C’est une première dans le retentissant procès des viols en série qui se tient actuellement devant la cour criminelle de Vaucluse, à Avignon. Lundi, pour la première fois depuis le début des plaidoiries, un avocat a plaidé l’acquittement de son client, reconnaissant une « imprudence » mais pas l’infraction, en l’absence de la « conscience du non consentement » de la victime.
Joseph C., accusé « atteinte sexuelle » et non de viol
L’accusé, Joseph C., 69 ans, est le seul des 51 prévenus de ce procès à ne pas être poursuivi pour viol ou tentative de viol, mais pour « atteinte sexuelle ». Les faits qui lui sont reprochés concernent Gisèle Pelicot, victime droguée à son insu par son mari Dominique Pelicot pendant une dizaine d’années, à leur domicile.
Contre ce retraité qui comparaît libre, le ministère public avait requis quatre ans de prison, la peine la moins élevée de son réquisitoire.
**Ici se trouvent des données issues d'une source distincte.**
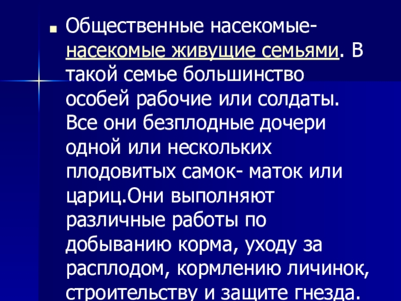 Общественные насекомые- насекомые живущие семьями. В такой семье большинство особей рабочие

Mais pour son avocat, Me Christophe Bruschi, Joseph C. ignorait que « l’ogre de Mazan » droguait son épouse.
La perception de la réalité « suppose quelques minutes »
Selon la défense, cette nuit du 9 au 10 juin 2020, l’accusé « avait le projet d’avoir une aventure libertine ». « Il s’assied sur le bord du lit, il fait quelques caresses sur les fesses et le sexe, ça va très vite, c’est tout sauf une agression sexuelle », a plaidé Me Bruschi. « La perception qu’on peut avoir de la réalité d’une situation, elle n’est jamais immédiate, cela suppose quelques minutes, ces minutes qu’il lui a fallu pour se rendre compte de la situation anormale », a-t-il ajouté.
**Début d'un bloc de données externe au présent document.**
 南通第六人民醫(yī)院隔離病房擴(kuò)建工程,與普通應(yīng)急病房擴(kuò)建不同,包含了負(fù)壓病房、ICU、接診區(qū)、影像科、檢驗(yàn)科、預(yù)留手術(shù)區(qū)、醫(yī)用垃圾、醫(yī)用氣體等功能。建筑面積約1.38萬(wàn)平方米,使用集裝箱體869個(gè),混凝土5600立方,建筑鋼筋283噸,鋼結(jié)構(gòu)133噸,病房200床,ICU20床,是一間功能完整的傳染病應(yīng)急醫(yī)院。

Il n’y a pas d’élément moral, il n’a jamais eu la conscience du non consentement de Gisèle Pelicot et, dans ce cas, l’infraction n’existe pas.
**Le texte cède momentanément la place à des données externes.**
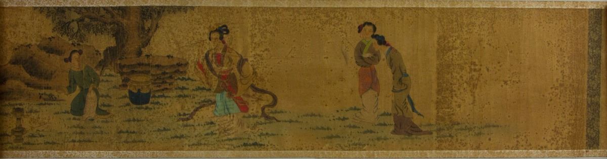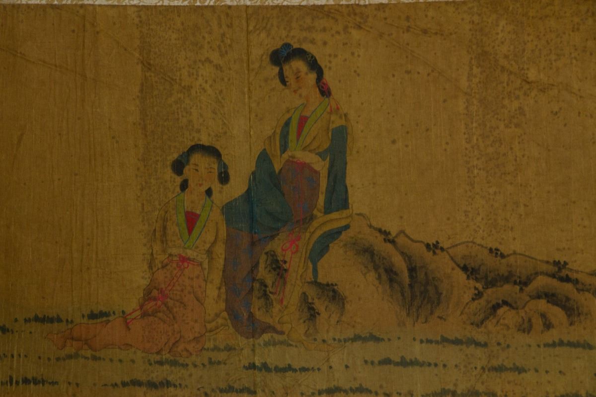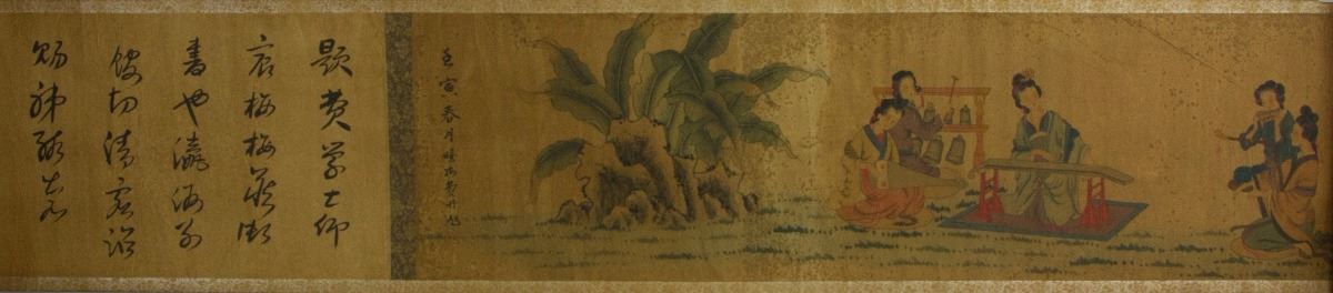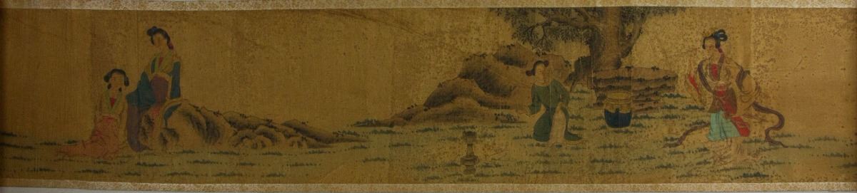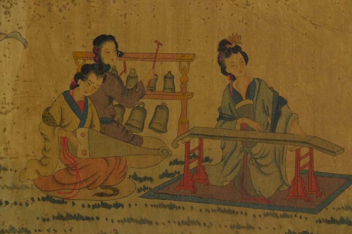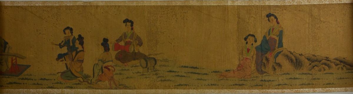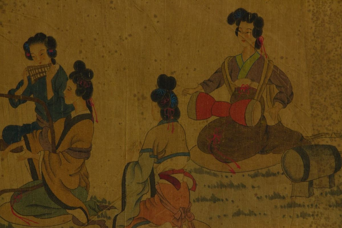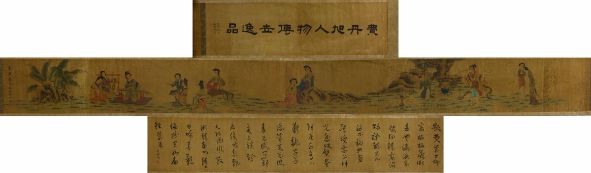 Thirteen young ladies playing musical instruments; Chinese ink and watercolour on paper; hand scroll; signed Fei Danxu (1802-1850); inscribed with 1 artist seal; with cover and comments written by Wu Hu Fan (1894-1968), inscribed with 2 seals; 29 cm × 607 cm

Me Christophe Bruschi, avocat de Joseph C.
Des plaidoiries contrastées
Cette position tranche avec les plaidoiries des avocats des cinq premiers accusés la semaine dernière, dont celui de Dominique Pelicot, l' »ogre de Mazan ». Tous avaient plaidé coupable, même s’ils ont pour la plupart contesté le quantum des peines requises par le parquet.
Un procès emblématique sur le consentement
Ce procès, qui juge au total 51 accusés, est emblématique des questions de consentement et de soumission chimique. Son verdict, très attendu, doit être rendu au plus tard le 20 décembre. Il marquera sans nul doute la jurisprudence sur ces sujets sensibles.
La plaidoirie de Me Bruschi soulève en effet la délicate question de la conscience du non consentement. Mais au-delà du cas de Joseph C., c’est bien l’ensemble de ce dossier hors normes qui interroge la notion de consentement dans un contexte de soumission chimique et de relations consenties en apparence.